Using the records below, copy exactly the part that opens with the line holding "I managed to" and closes with the line holding "A really outstanding, large-flowered", minus the pictures.

▸ **RECORDS FOR THIS EXERCISE**
——————————

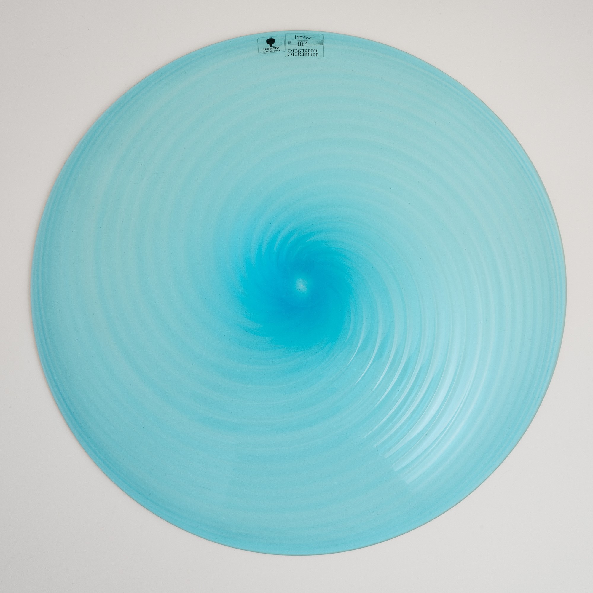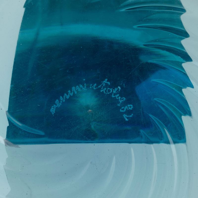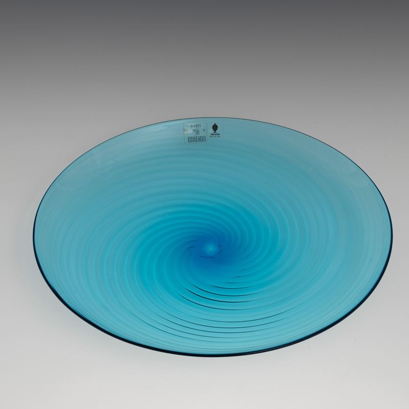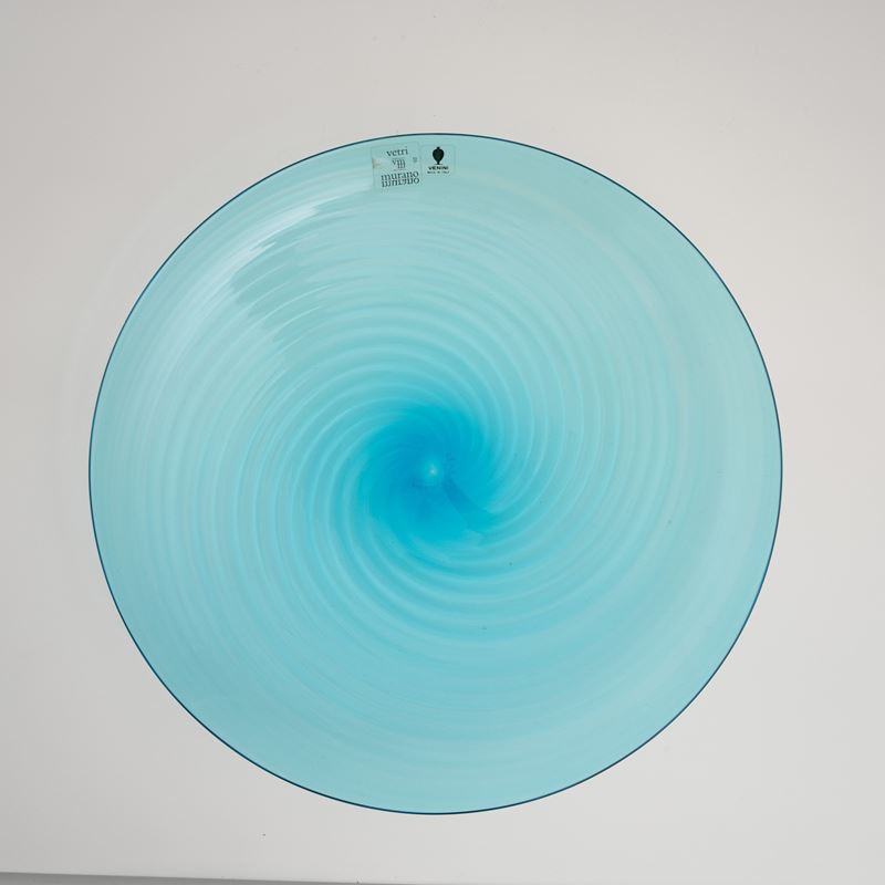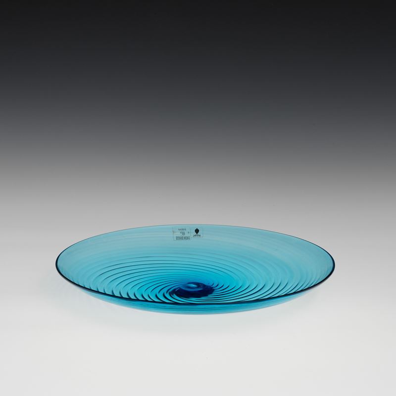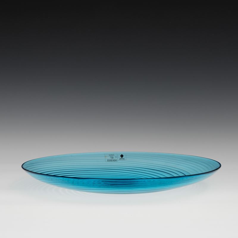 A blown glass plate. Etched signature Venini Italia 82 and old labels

——————————

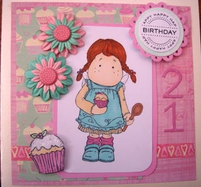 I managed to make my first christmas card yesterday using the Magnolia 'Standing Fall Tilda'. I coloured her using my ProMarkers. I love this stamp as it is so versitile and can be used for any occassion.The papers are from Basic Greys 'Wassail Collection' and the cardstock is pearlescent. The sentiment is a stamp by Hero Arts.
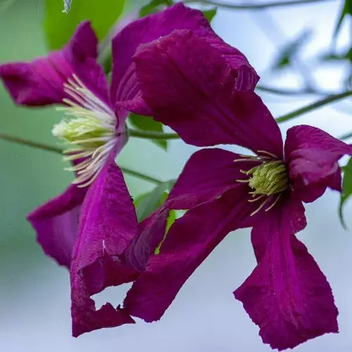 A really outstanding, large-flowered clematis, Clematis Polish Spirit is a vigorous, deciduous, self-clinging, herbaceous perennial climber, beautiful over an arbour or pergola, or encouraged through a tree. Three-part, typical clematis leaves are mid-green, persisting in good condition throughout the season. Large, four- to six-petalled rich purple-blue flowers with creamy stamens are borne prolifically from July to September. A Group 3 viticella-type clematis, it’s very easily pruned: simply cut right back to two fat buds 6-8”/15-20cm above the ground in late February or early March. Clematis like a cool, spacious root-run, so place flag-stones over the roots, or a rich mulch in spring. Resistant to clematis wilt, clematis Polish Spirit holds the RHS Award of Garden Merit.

——————————

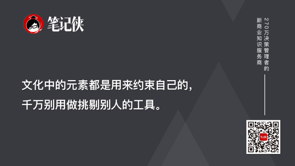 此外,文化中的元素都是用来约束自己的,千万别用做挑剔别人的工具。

——————————

▸ **EXERCISE RESULT**
 I managed to make my first christmas card yesterday using the Magnolia 'Standing Fall Tilda'. I coloured her using my ProMarkers. I love this stamp as it is so versitile and can be used for any occassion.The papers are from Basic Greys 'Wassail Collection' and the cardstock is pearlescent. The sentiment is a stamp by Hero Arts.
 A really outstanding, large-flowered clematis, Clematis Polish Spirit is a vigorous, deciduous, self-clinging, herbaceous perennial climber, beautiful over an arbour or pergola, or encouraged through a tree. Three-part, typical clematis leaves are mid-green, persisting in good condition throughout the season. Large, four- to six-petalled rich purple-blue flowers with creamy stamens are borne prolifically from July to September. A Group 3 viticella-type clematis, it’s very easily pruned: simply cut right back to two fat buds 6-8”/15-20cm above the ground in late February or early March. Clematis like a cool, spacious root-run, so place flag-stones over the roots, or a rich mulch in spring. Resistant to clematis wilt, clematis Polish Spirit holds the RHS Award of Garden Merit.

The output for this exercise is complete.